- [What needs to be done]
What is needed is an exact transcription of the line containing "Spooky black and" and every line after it through the end of the entries below, with no pictures.

- [Source data]
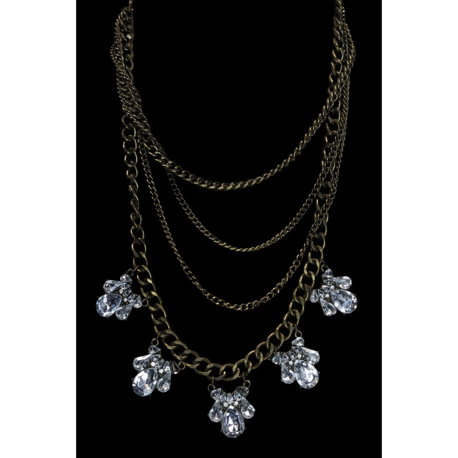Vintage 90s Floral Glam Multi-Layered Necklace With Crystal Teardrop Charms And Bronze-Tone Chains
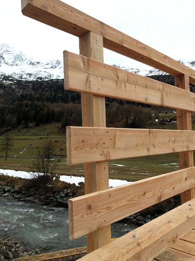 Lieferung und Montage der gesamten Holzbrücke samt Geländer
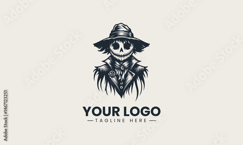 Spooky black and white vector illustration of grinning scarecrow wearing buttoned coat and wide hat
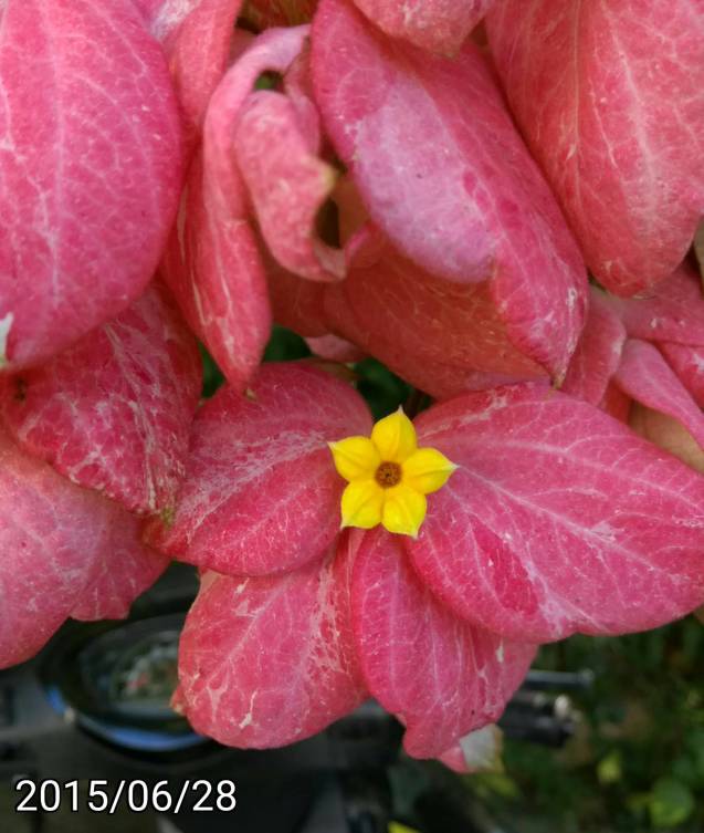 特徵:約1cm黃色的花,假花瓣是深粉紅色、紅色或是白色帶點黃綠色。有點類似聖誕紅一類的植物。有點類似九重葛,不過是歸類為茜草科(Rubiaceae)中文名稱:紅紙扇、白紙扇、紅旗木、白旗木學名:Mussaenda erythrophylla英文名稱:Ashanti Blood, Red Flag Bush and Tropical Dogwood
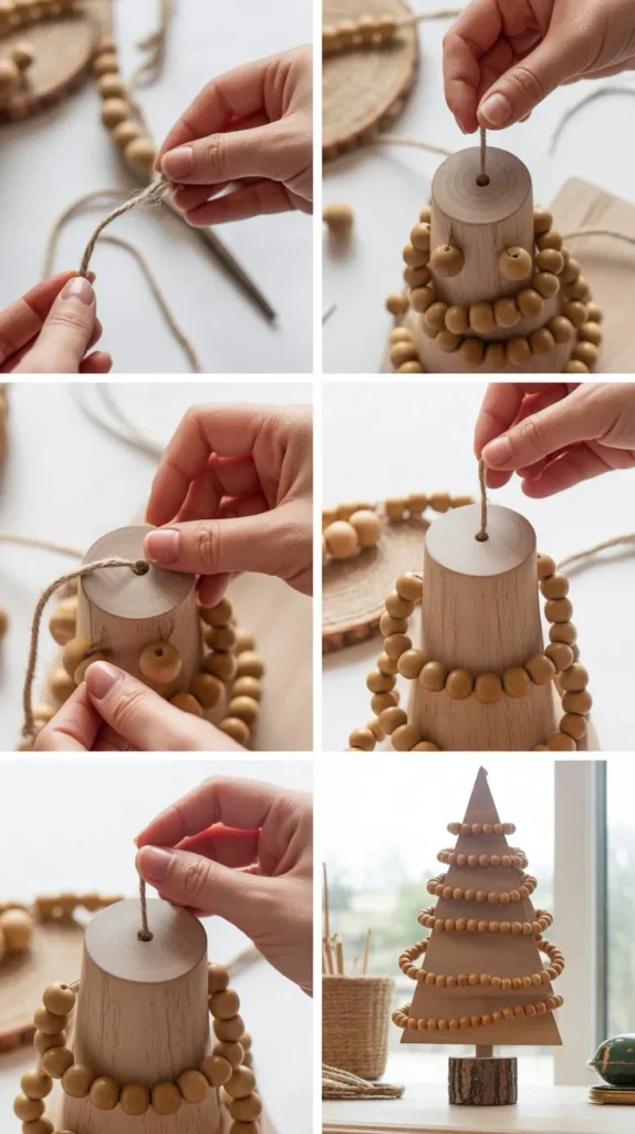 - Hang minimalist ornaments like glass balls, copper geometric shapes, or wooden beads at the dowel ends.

- [Response area]
 Spooky black and white vector illustration of grinning scarecrow wearing buttoned coat and wide hat
 特徵:約1cm黃色的花,假花瓣是深粉紅色、紅色或是白色帶點黃綠色。有點類似聖誕紅一類的植物。有點類似九重葛,不過是歸類為茜草科(Rubiaceae)中文名稱:紅紙扇、白紙扇、紅旗木、白旗木學名:Mussaenda erythrophylla英文名稱:Ashanti Blood, Red Flag Bush and Tropical Dogwood
 - Hang minimalist ornaments like glass balls, copper geometric shapes, or wooden beads at the dowel ends.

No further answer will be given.